◆ Data section

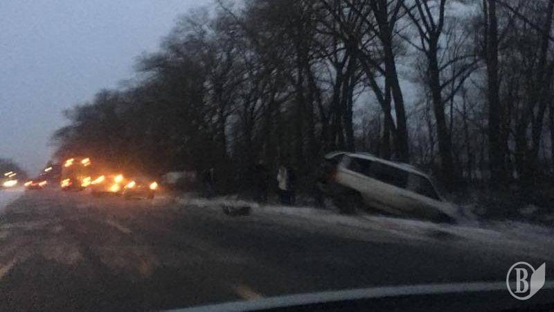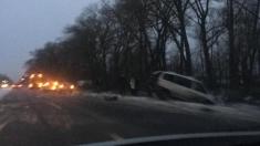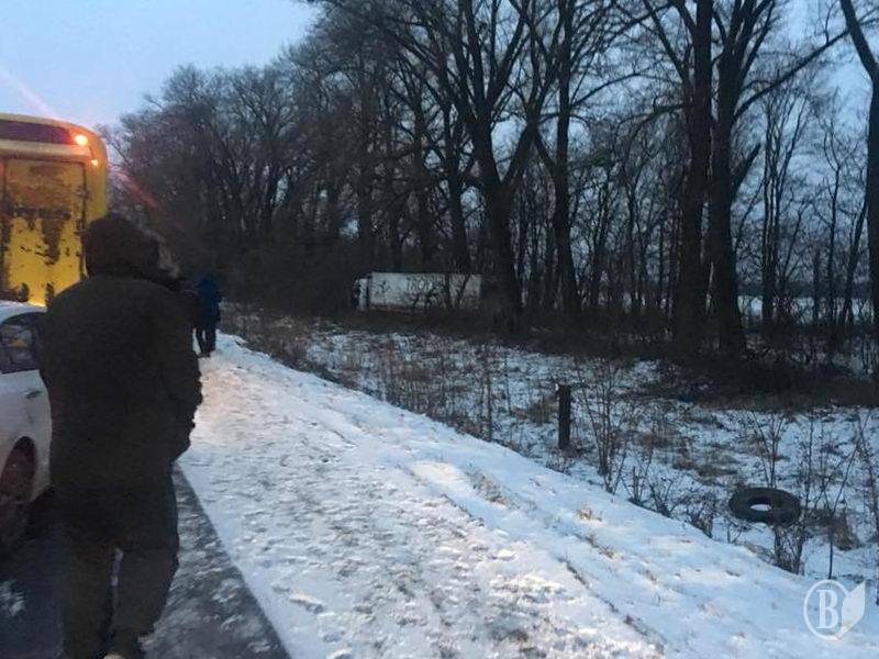 На автошляху з Києва у Чернігів вранці 17 січня близько 7 години тягач з причепом вдарив білий вен «Мерседес», що стояв на узбіччі.
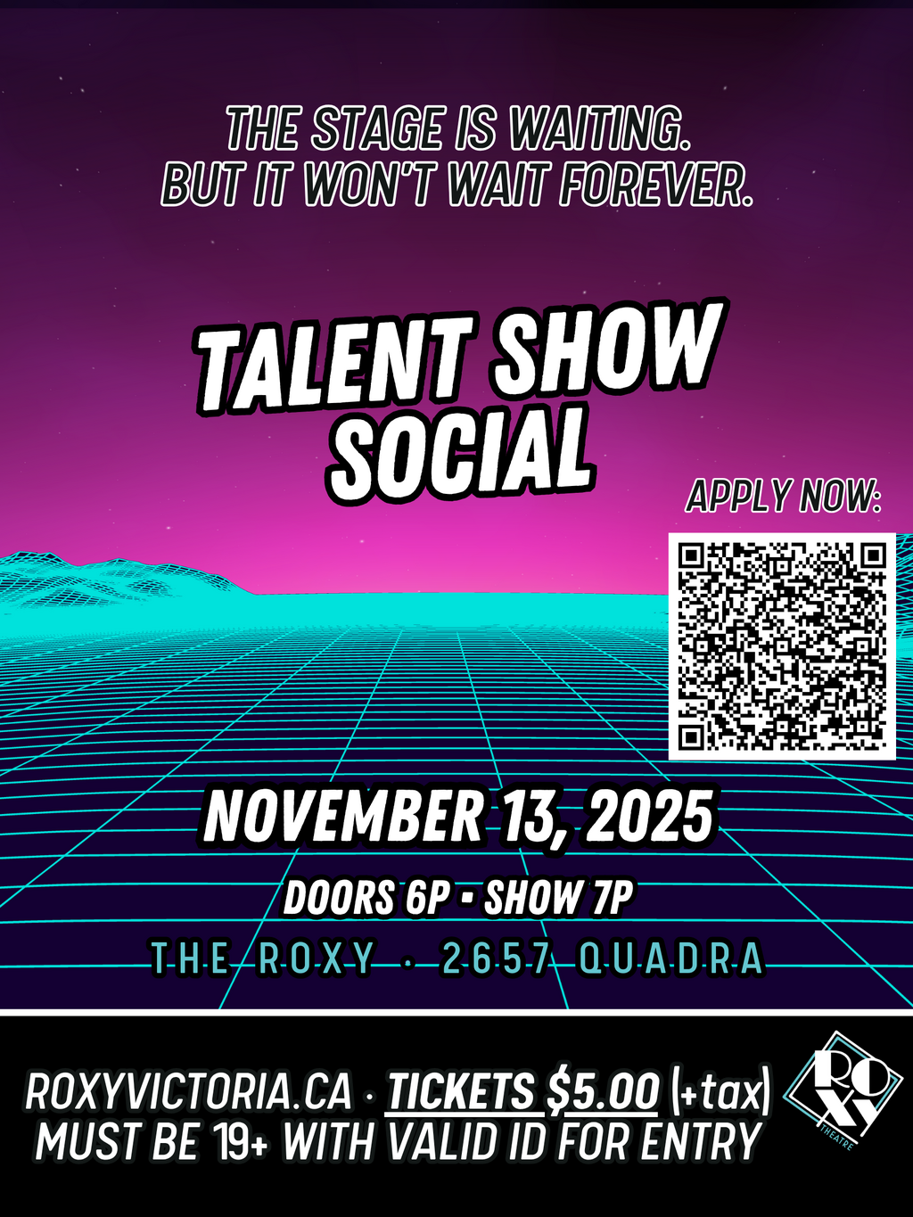 Join us for a night of unforgettable entertainment, creativity, and community at The Roxy Theatre's Talent Show Social! Whether you're showcasing your unique skills or cheering from the crowd, this is your chance to connect, celebrate local talent, and enjoy an evening full of surprises. From music and comedy to magic and more, our stage is open to all kinds of performers ready to shine. Show up early or stick around after the show to mingle, enjoy refreshments, and soak up the vibrant atmosphere.
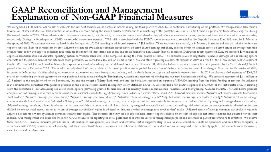 GAAP Reconciliation and Management Explanation of Non - GAAP Financial Measures We recognized a $ 7 . 8 million loss on sale of available - for - sale debt securities in non - interest income during the third quarter of 2025 due to continued restructuring of the portfolio . We recognized an $ 8 . 6 million loss on sale of available - for - sale debt securities in non - interest income during the second quarter of 2025 due to restructuring of the portfolio . We reversed a $ 2 . 3 million legal reserve from interest expense during the second quarter of 2025 . These adjustments to our results are unusual, or infrequent, in nature and are not considered to be part of our non - interest expense, non - interest income and interest expense run rates, respectively . During the fourth quarter of 2023 , we recorded a one - time expense of $ 7 . 2 million associated with the FDIC’s special assessment to recapitalize the Deposit Insurance Fund following bank failures in the spring of 2023 . This assessment was updated in the first quarter of 2024 resulting in additional expense of $ 1 . 8 million . These expenses are unusual, or infrequent, in nature and not part of the noninterest expense run rate . Each of adjusted net income, adjusted net income available to common stockholders, adjusted diluted earnings per share, adjusted return on average assets, adjusted return on average common stockholders’ equity and adjusted efficiency ratio excludes the impact of these items, net of tax, and are all considered non - GAAP financial measures . During the fourth quarter of 2021 , we recorded $ 3 . 0 million of expenses associated with our Adjusted operating system conversion scheduled to be completed during the third quarter of 2022 . The expenses relate to negotiated liquidated damages of our existing system contracts and the procurement of our data from those providers . We recorded a $ 1 . 7 million credit to our FDIC and other regulatory assessments expense in 2019 as a result of the FDIC’s Small Bank Assessment Credit . We recorded $ 3 . 1 million of additional tax expense as a result of revaluing our net deferred tax assets at December 31 , 2017 due to lower corporate income tax rates provided by the Tax Cuts and Jobs Act passed into law in December 2017 . The revaluation adjustment of our net deferred tax asset position was impacted by a number of factors, including increased loan charge - offs in the fourth quarter of 2017 , increases in deferred tax liabilities relating to depreciation expense on our new headquarters building, and dividends from our captive real estate investment trusts . In 2017 we also recorded expenses of $ 347 , 000 related to terminating the lease agreement on our previous headquarters building in Birmingham, Alabama and expenses of moving into our new headquarters building . We recorded expenses of $ 2 . 1 million in 2015 related to the acquisition of Metro Bancshares, Inc . and the merger of Metro Bank with and into the bank, and recorded an expense of $ 500 , 000 resulting from the initial funding of reserves for unfunded loan commitments, consistent with guidance provided in the Federal Reserve Bank’s Interagency Policy Statement SR 06 - 17 . We recorded a non - routine expense of $ 703 , 000 for the first quarter of 2014 resulting from the correction of our accounting for vested stock options previously granted to members of our advisory boards in our Dothan, Huntsville and Montgomery, Alabama markets . The table below presents computations of earnings and certain other financial measures which exclude the significant adjustments discussed above . These non - GAAP financial measures include “adjusted net income available to common stockholders,” “adjusted earnings per share, basic,” “adjusted earnings per share, diluted,” “adjusted return on average assets,” “adjusted return on average stockholders’ equity,” “adjusted return on average common stockholders’ equity” and “adjusted efficiency ratio . ” Adjusted earnings per share, basic is adjusted net income available to common stockholders divided by weighted average shares outstanding . Adjusted earnings per share, diluted is adjusted net income available to common stockholders divided by weighted average diluted shares outstanding . Adjusted return on average assets is adjusted net income divided by average total assets . Adjusted return of average stockholders’ equity is adjusted net income divided by average total stockholders’ equity . Adjusted return of average common stockholders’ equity is adjusted net income divided by average common stockholders’ equity . The adjusted efficiency ratio is adjusted non - interest expense divided by the sum of adjusted net interest income and adjusted non - interest income . Our management and board use these non - GAAP measures for reporting financial performance to internal users for management purposes and externally as part of presentations to investors . We believe these non - GAAP financial measures provide useful information to management, our board and investors that is supplementary to our financial condition, results of operations and cash flows computed in accordance with GAAP ; however, we acknowledge that these non - GAAP financial measures have inherent limitations, are not audited and are not required to be uniformly applied . All amounts are in thousands, except share and per share data . 34

◆ Aim of the exercise
Would you restate, word for word and with no pictures, only the lines from the opening of the material through the line with "Join us for", both included?

◆ Answer box
 На автошляху з Києва у Чернігів вранці 17 січня близько 7 години тягач з причепом вдарив білий вен «Мерседес», що стояв на узбіччі.
 Join us for a night of unforgettable entertainment, creativity, and community at The Roxy Theatre's Talent Show Social! Whether you're showcasing your unique skills or cheering from the crowd, this is your chance to connect, celebrate local talent, and enjoy an evening full of surprises. From music and comedy to magic and more, our stage is open to all kinds of performers ready to shine. Show up early or stick around after the show to mingle, enjoy refreshments, and soak up the vibrant atmosphere.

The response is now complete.